*SUPPLIED MATERIAL*:
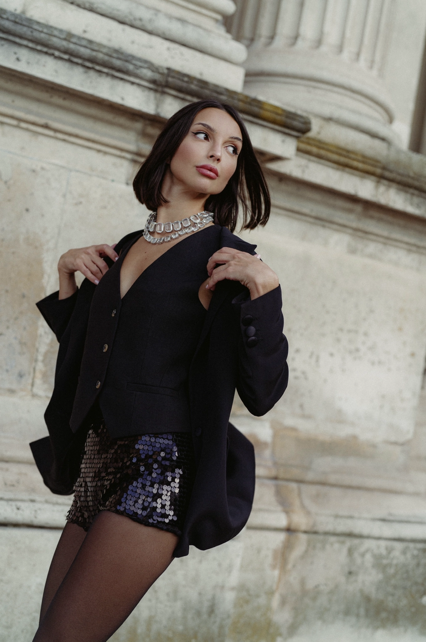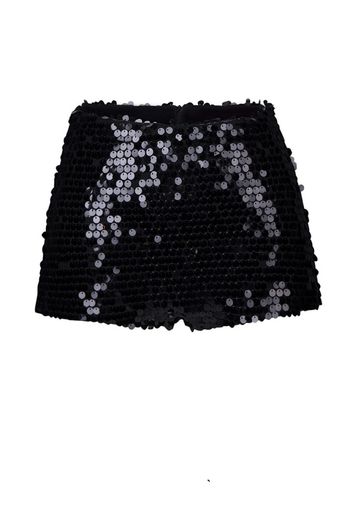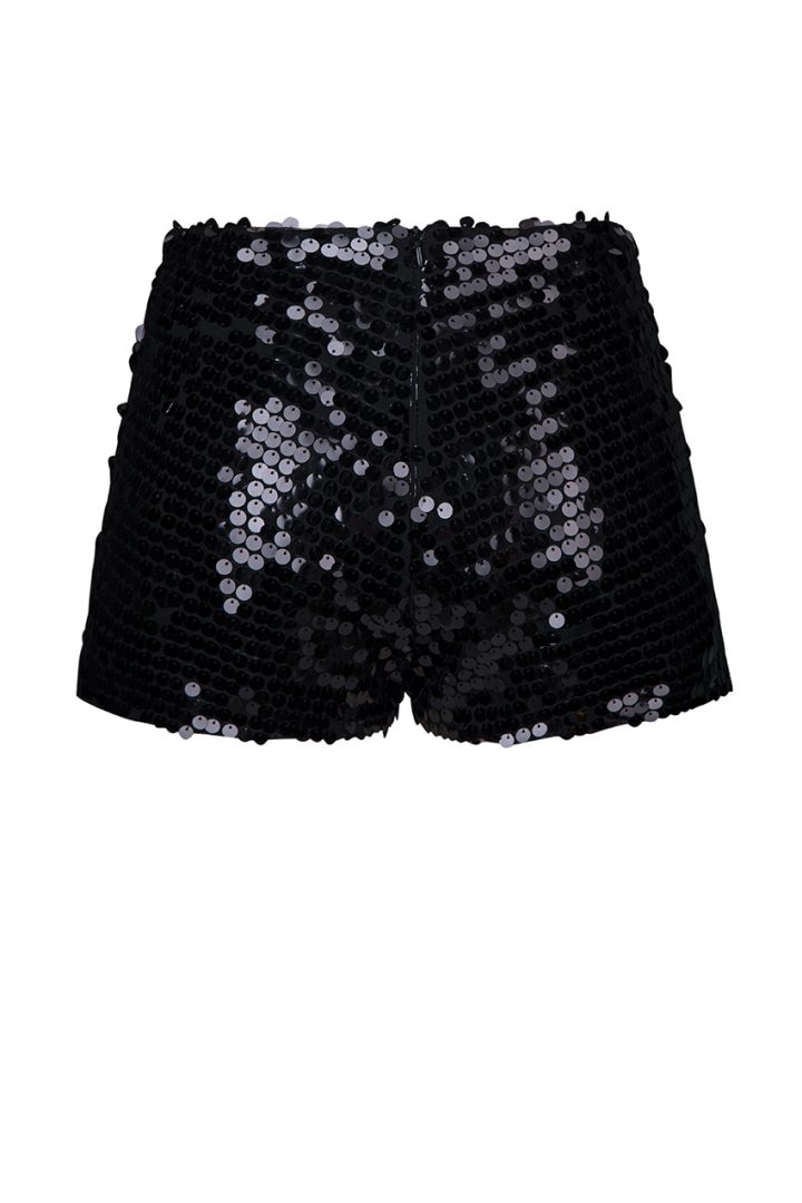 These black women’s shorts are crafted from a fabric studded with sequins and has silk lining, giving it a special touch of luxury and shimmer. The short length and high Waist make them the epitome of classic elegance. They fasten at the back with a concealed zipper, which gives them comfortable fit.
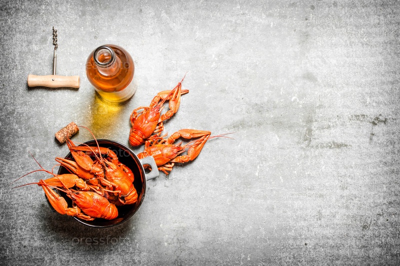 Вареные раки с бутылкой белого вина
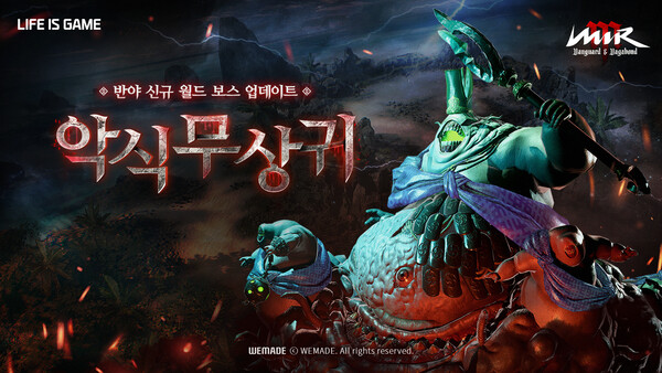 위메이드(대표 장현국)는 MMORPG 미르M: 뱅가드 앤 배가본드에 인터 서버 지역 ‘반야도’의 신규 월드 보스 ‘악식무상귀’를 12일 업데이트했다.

---

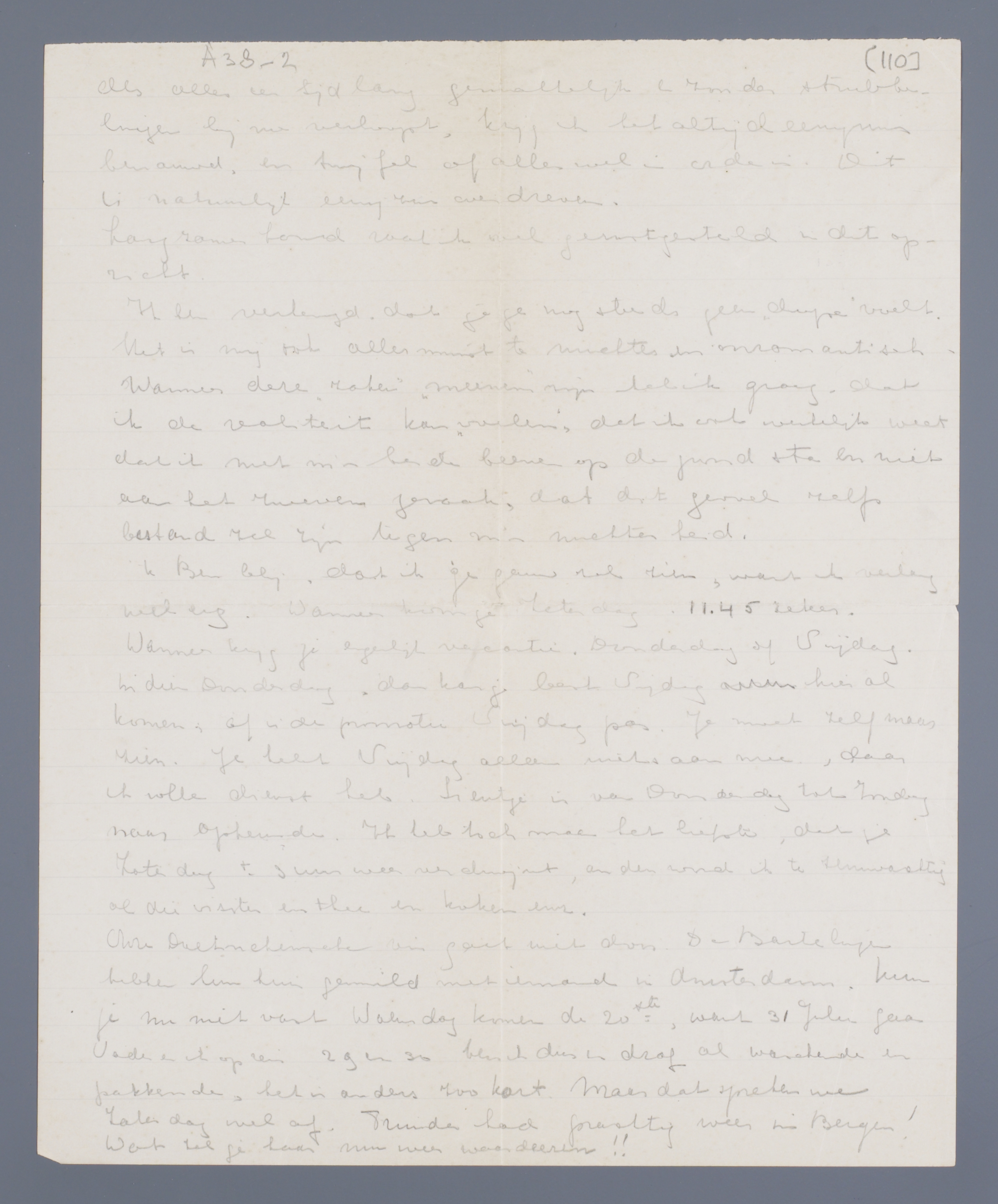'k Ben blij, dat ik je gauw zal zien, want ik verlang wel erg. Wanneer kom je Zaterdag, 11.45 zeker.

*PROBLEM REQUIREMENTS*: Write out word for word the lines above that run from the one with "These black women’s" to the one with "위메이드(대표 장현국)는 MMORPG". Include both end lines; exclude the images.

*EXERCISE RESPONSE*:
 These black women’s shorts are crafted from a fabric studded with sequins and has silk lining, giving it a special touch of luxury and shimmer. The short length and high Waist make them the epitome of classic elegance. They fasten at the back with a concealed zipper, which gives them comfortable fit.
 Вареные раки с бутылкой белого вина
 위메이드(대표 장현국)는 MMORPG 미르M: 뱅가드 앤 배가본드에 인터 서버 지역 ‘반야도’의 신규 월드 보스 ‘악식무상귀’를 12일 업데이트했다.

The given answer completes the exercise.